This past June ranked as the 33rd warmest for the United States. The average temperature for the Earth as a whole, however, soared to a record high for a second straight month.
According to a report released on Monday by NOAA’s National Climatic Data Center, June 2014 was the warmest June ever recorded for the entire planet. Earth’s combined average temperature for the month – over both land and sea surfaces – was 61.2°F. That is 1.3°F above the 20th century average. June 2014 also marked the 352nd consecutive month that our global temperature was above its long-term norm.
Rising ocean temperatures, according to NOAA, helped fuel this record warmth. In fact, the June global sea surface temperature was 1.15°F above its long-term average of 61.5°F. That is the highest for any June on record and the highest departure from average for any month. Large parts of both the Pacific and Indian Oceans either hit record-high temperatures or posted readings that were significantly above normal.
The report also noted that, year to date, 2014 is currently tied with 2002 as the Earth’s third warmest year on record. Global temperature records date back to 1880.

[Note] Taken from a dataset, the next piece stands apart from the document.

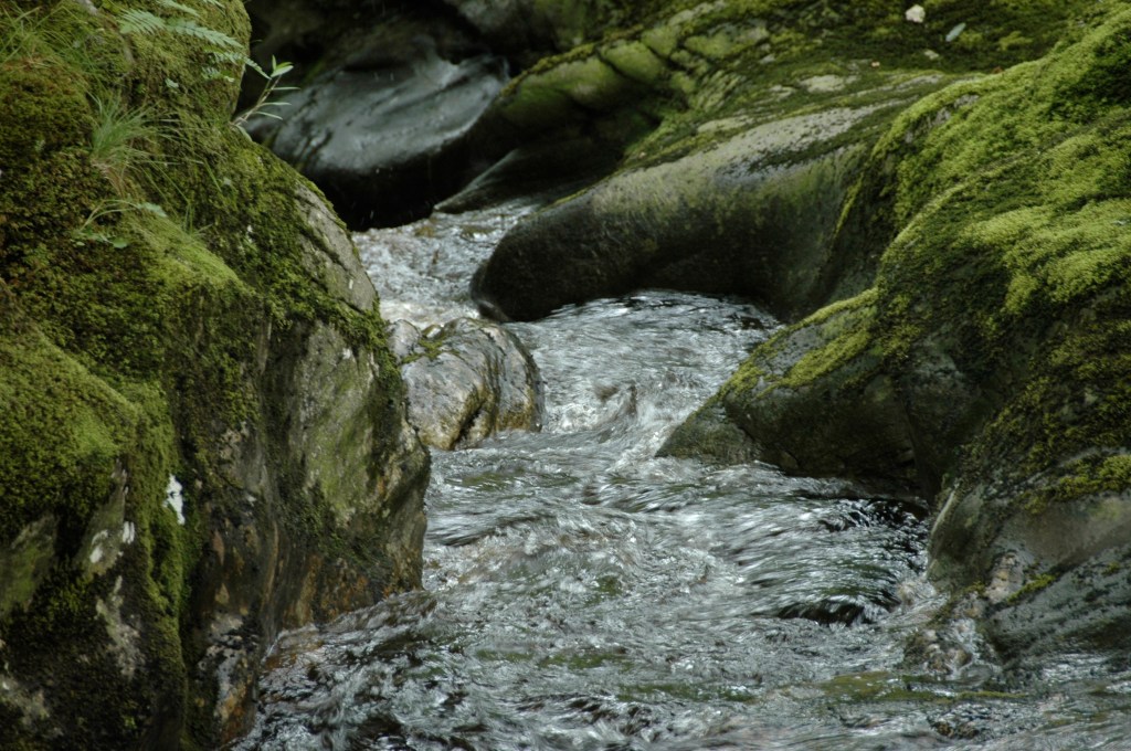This is such a common sight for me. There must be thousands of such streams, or “burns” tumbling down through the hills in Scotland. This combination of lively, gurgling water, centuries-smoothed rocks and green moss and grasses twisting this way and that is just so beautiful, so pleasing. The sound the water makes as it hurries downhill is like a magnet. When you’re out walking in the hills or in a forest this special noise draws you towards it. It’s a sort of compulsion. Once you hear it, you feel magnetically drawn towards it, to go and see it, to stand or kneel beside it, to slide your hand into the cool, clear waters.

The dog days of summer have arrived! As millions of people head to beaches to beat the heat, it is important to remember that the ocean is a dynamic environment that can pose a number of hazards for swimmers. Chief among these are rip currents.
Rip currents are strong, localized channels of water that move away from the shoreline. They can form on any beach with breaking waves and easily pull swimmers out to sea in a matter of seconds. According to the U.S. Lifesaving Association, rip currents are responsible for 80% of all surf zone rescues. Nationally, they cause more than one hundred deaths every year.
While rip currents are a serious hazard for all beach goers, they are a natural part of the near-shore ocean circulation. They develop when wind driven waves break strongly in one area and weakly in another, creating a circulation cell as the water looks for a way back out to sea. This usually happens at a break in an underwater sandbar or along a jetty or pier. Extending seaward for hundreds of yards, rip currents typically travel at one to two feet per second. However, they strengthen when onshore wind speeds pick up and wave height and frequency increase.
If caught in a rip current, do not try to swim against it. Instead, swim parallel to the shoreline until you are out of the current and then make your way back to the beach.
Heavy spring rains across the American mid-west have mitigated the region’s extensive drought. However, they are expected to cause a record large dead zone in the Gulf of Mexico this summer.
According to a recently released forecast from NOAA and its research partners, the University of Michigan and Louisiana State University, the Gulf dead zone this year could grow as large as 8,561 square miles. If it reaches this size, which is roughly equal to the state of New Jersey, it will be the largest dead zone ever recorded in the Gulf.
Dead zones are areas in large bodies of water that do not have enough oxygen to sustain aquatic life. They are usually caused by nutrient pollution from agricultural run-off. Specifically, excessive amounts of fertilizers – nitrogen and phosphorus – create massive algae blooms. When the algae die, they sink to the bottom where they are decomposed by bacteria. This process uses up most, if not all, of the available oxygen in the water. As a result, fish flee the area and immobile bottom dwelling organisms, like clams, die.
The Midwest is this nation’s agricultural breadbasket and its farmers use fertilizers to help grow an enormous amount of crops. It is also the watershed of the Mississippi River. As such, the flooding rains that swept through the area this spring have significantly increased the nutrient load of the water that is flowing into the Gulf of Mexico.
A large dead zone will likely have serious economic ramifications for the Gulf region’s multi-million dollar fishing industry.
Watershed of the Mississippi River runs through America’s agricultural heartland and ultimately drains into the Gulf of Mexico.
Image Credit: Donald Scavia/University of Michigan
While spending a weekend at the beach recently, I was reminded how pleasant a sea breeze can feel on a hot summer afternoon.
A sea breeze is a localized, daytime wind driven by the temperature difference between land and a large body of water. Since land is able to absorb the sun’s energy more quickly than water, it warms faster. As a result, air over the ground heats and rises, creating an area of low pressure. Cooler air is then drawn from the zone of higher-pressure above the ocean to fill the void, forming an onshore breeze.
These winds typically start flowing around mid-day and last throughout the afternoon. They are valued for their moderating influence on local temperatures, keeping coastal areas cooler than their inland neighbors during the warmest months of the year.